A double chain of NUCLEOTIDES
-each nucleotide is composed of a 5 carbon RIBOSUGAR, a phosphate, and a base (ADENINE, THYMINE, GUANINE, OR CYTOSINE)
-the ribosugar and phosphate group make up the "backbone" of the DNA strand
-the ribosugars are bound together by the phosphate groups, which connects to the 5th carbon of one sugar, and to the 3rd carbon of another sugar (this is known as 5' to 3'); this creates the DNA strand
-the two DNA strands run in opposite directions (ANTIPARALLEL)
The two BASE PAIRS are located the middle, with the "backbone" strands making up the outside of the structure
-these nucleotide base pairs are held together by hydrogen bonds
Adenine (A) always pairs with Thymine (T), Guanine (G) always pairs with Cytosine (C)
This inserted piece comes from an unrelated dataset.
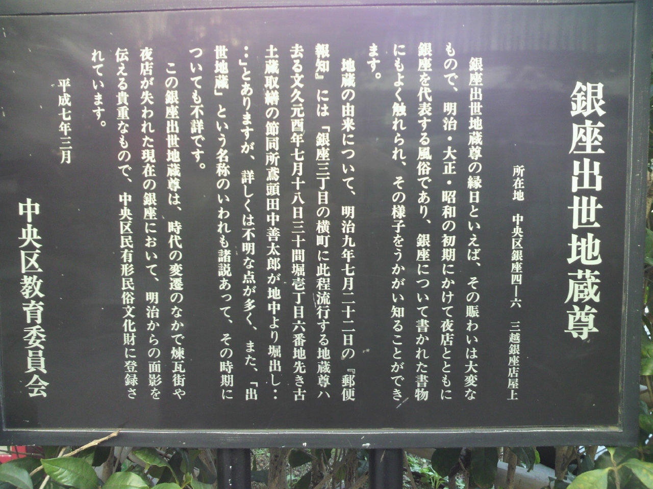 銀座出世地蔵尊は、明治のはじめ頃、現在の銀座三原橋辺りを流れていた三十間堀川の工事中に発見されたといわれるお地蔵さまです。

Due to the two antiparallel strands, as well as the bonded base pairs, the DNA has a DOUBLE HELIX shape
Textbook: Figure 7.1
Begins at a specific location (the ORIGIN), and moves outwards in both directions
-various enzymes, called HELICASES, break the hydrogen bonds between the bases of the two DNA strands, creating REPLICATION FORKS
-then, DNA POLYMERASE, an enzyme, moves along the replication fork, synthesizing new DNA strands that are complementary to the original ones (ex. A for T,G for C); they also "proofread" the strand, and correct errors
DNA polymerase can only add nucleotides to the 3' end of a DNA strand -therefore, only one strand of the original DNA can be a template for DNA replication; the LEADING STRAND, which runs in a 5' to 3' direction
For the LAGGING STRAND, which runs in a 3' to 5' direction, DNA synthesis must be DISCONTINUOUS
-RNA primer is attached to the parent DNA
-DNA polymerase then synthesizes a fragment of DNA starting at the RNA primer; this small segment is known as an OKAZAKI FRAGMENT
-this process is repeated until the entire strand has been replicated
-DNA polymerase will then digest the RNA primer and replace it with DNA
-The fragments are then joined by an enzyme called LIGASE
Ultimately, two separate chromosomes are formed
-each double helix contains one new strand, as well as an old strand of DNA; this replication is called SEMICONSERVATIVE REPLICATION, because one strand of the old DNA goes to each new DNA structure
Textbook: Figure 7.4
In order for a bacterial cell to live, it must produce proteins
-short sections of DNA strands are broken at the base pairs, leaving exposed DNA bases; these serve as templates for transcription
-the enzyme RNA POLYMERASE then binds to one strand of exposed DNA; it knows where to bind due to a sequence of bases in the DNA, which indicates that it is the start of a gene; this is known as a PROMOTER SEQUENCE
-RNA is then transcribed, formed in the 5' to 3' direction
In prokaryotes, transcription takes place in the cytoplasm; in eukaryotes, transcription takes place in the cell nucleus
Eukaryotic cells also process its mRNA before it leaves the nucleus and begins translating; INTRONS, which don't code for proteins, are cut away from the EXONS, which is the region of genes that codes for proteins; the exons are then spliced together
-this does not occur in prokaryotes
Side Note: when mRNA is transcribed from DNA, Uracil (U) binds with Adenine, not Thymine
Textbook: Figure 7.5, 7.6, 7.10
The lac operon consists of regulatory sites, called a PROMOTER, and an OPERATOR, as well as the structural genes used to create enzymes that digest lactose
In the lack of lactose, the operon is turned "off"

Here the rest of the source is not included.